United States citizens with relatives in Cuba can send them unlimited cash and visit the island as long and often as they would like under new rules from President Barack Obama’s administration.
The rules, made effective immediately by the US Treasury Department, had been announced by President Obama in April to ease US trade restrictions imposed on Cuba’s revolution half a century ago.
Until now, Cuban-US citizens had been allowed to travel to the island only once a year and were limited to sending only 1,200 US dollars per person in cash to needy family members in Cuba.
But now they can send as much money as they want to a larger group of relatives that includes aunts, uncles, cousins and second cousins, a reversal of a restriction introduced by the George W Bush administration in a bid to squeeze Cuba's government financially.
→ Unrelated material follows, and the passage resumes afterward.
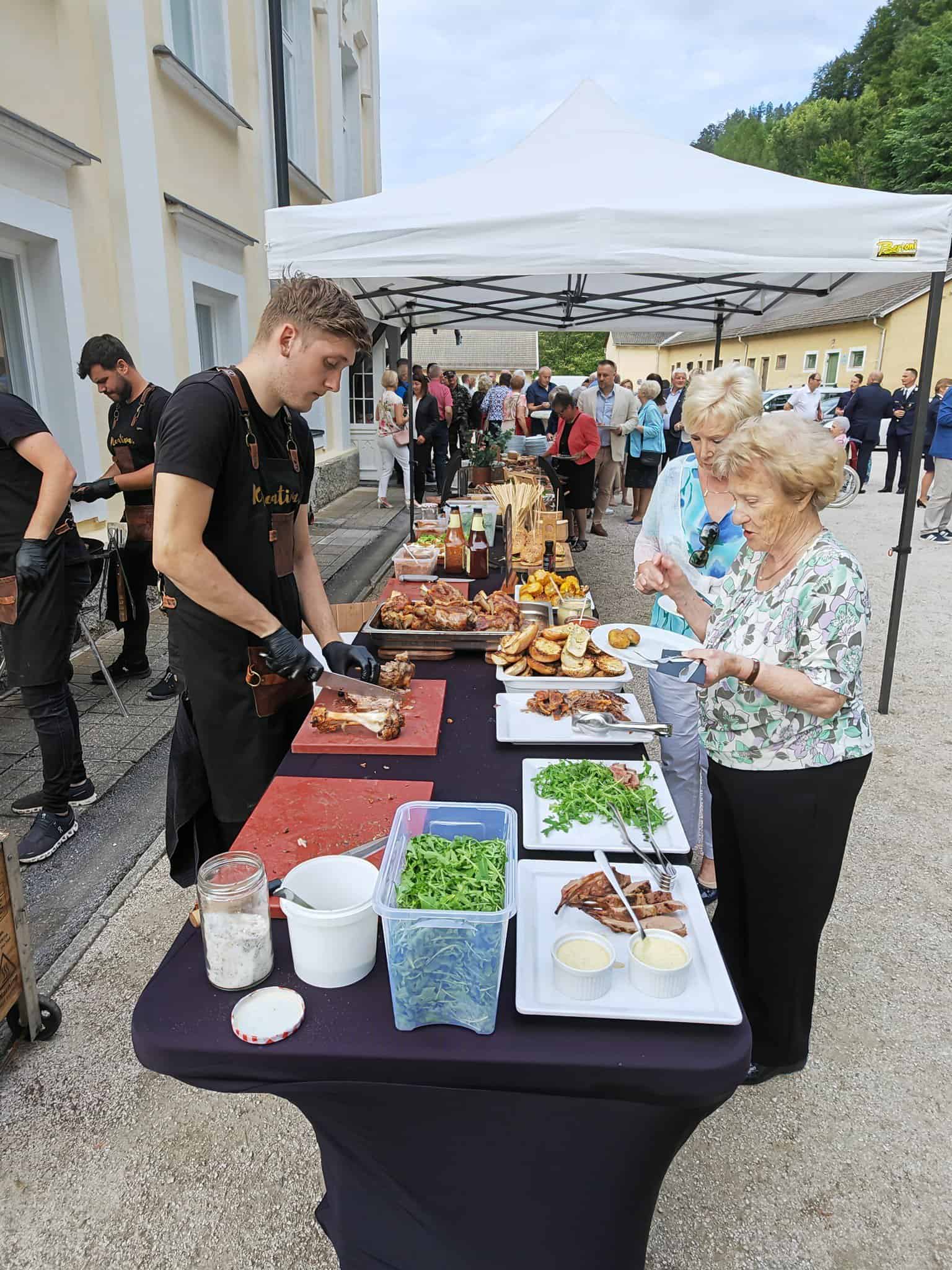 Po uradnem delu so se v prijetnem ambientu dvorišča dvorca Bukovje družili ob odlični hrani in nazdravili z občinskimi nagrajenci.

However the Treasury's Office of Foreign Assets Control, which has policed the trade embargo and fined US citizens, caught spending money in Cuba, said US visitors could only spend 179 US dollars a day on trips to the island. That is the same amount as the US State Department's per diem rate for official visits. Previously, family travellers were allowed to spend just 50 USD a day.
Separate regulations issued by the US Commerce Department doubled the value limit for gift parcels sent to Cubans to 800 per month and widened the allowed recipients. Non-monetary gifts could only be sent previously to immediate family members and they may now be sent to any individual or to independent religious, educational and charitable organizations in Cuba.
The Commerce Department also eliminated a 44-pound limit on personal baggage to Cuba and allows visitors to bring donated personal communications devices such as mobile phone systems, computers, software, satellite receivers and digital cameras.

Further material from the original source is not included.